From a brilliant essay in The New Yorker by Simon Rich:

“They met in College, which is a place people used to go to after high school to drink alcohol. […] Instead of matching with someone through a dating app and sending a series of nude photos to each other before eventually meeting up for sex, you would meet them in person, before doing anything else. This meant that when my Great-Grandparents went out for the first time, they had no idea what each other looked like naked.”

A note about the link above. Many (most) of my favorite magazines –New York Magazine, The Atlantic, Rolling Stone, The New Yorker– are behind paywalls. So I finally gave in and subscribed to Apple News which gives me access to 300 publications for $13 a month. If you are a subscriber the link above will take you to the essay. If not? There’s no free ride. Sorry.

Bad Lip Reading: The House of Representatives


So many questions. How long does it take to produce one of these? How many voice actors are used? How many of those do more than one voice? Are there out-takes? (God, but I’d love to see those). Do they video the production process? If more than one writer, do they have writer’s meetings?

I took a beer-fueled swing at one of these back in 2006 (think “Really Bad Lib Reading”).
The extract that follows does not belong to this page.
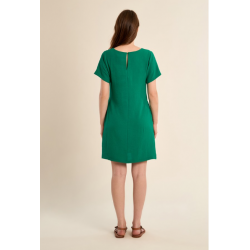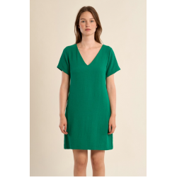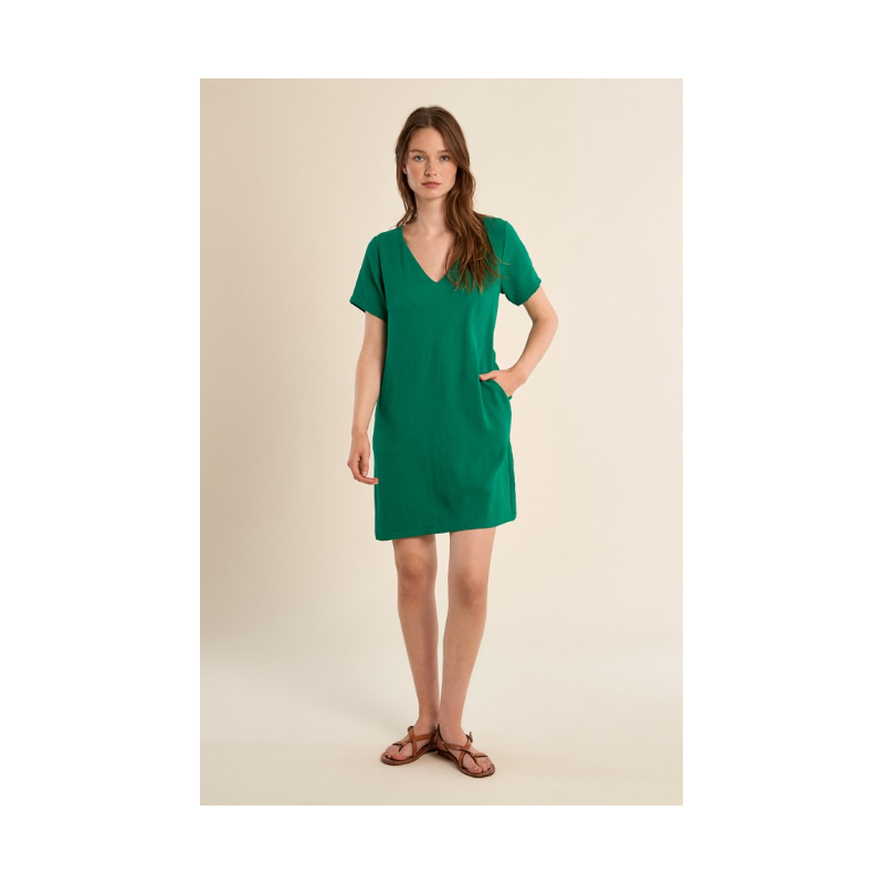 -Robe t-shirt droite -Manches courtes -Col V -Poches latérales

A few years later I had a go at a MST3K homage.

Does the ‘funny’ come first?

Bad Lip Reading has an informative Wikipedia page but it doesn’t answer one of my most burning questions. The dialogue/monologue has to be funny nonsense. And it invariably is. But the words always match the lip movement. I’m inclined to believe the funny comes first but the perfect sync seems equally important. 
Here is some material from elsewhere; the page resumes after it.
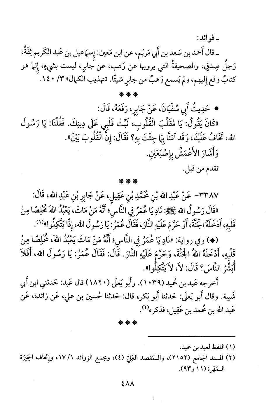 (¬٢) المسند الجامع (٢١٥٢)، والمقصد العَلي (٤)، ومَجمَع الزوائد ١/ ١٧، وإتحاف الخِيرَة المَهَرة (١١ و ٩٣).

Bad Lip Reading is the creation of Kennedy Unthank: “Kennedy Unthank studied journalism at the University of Missouri. He knew he wanted to write for a living when he won a contest for “best fantasy story” while in the 4th grade. What he didn’t know at the time, however, was that he was the only person to submit a story. Regardless, the seed was planted. Kennedy collects and plays board games in his free time, and he loves to talk about biblical apologetics and hermeneutics. He doesn’t think the ending of Lost was “that bad.”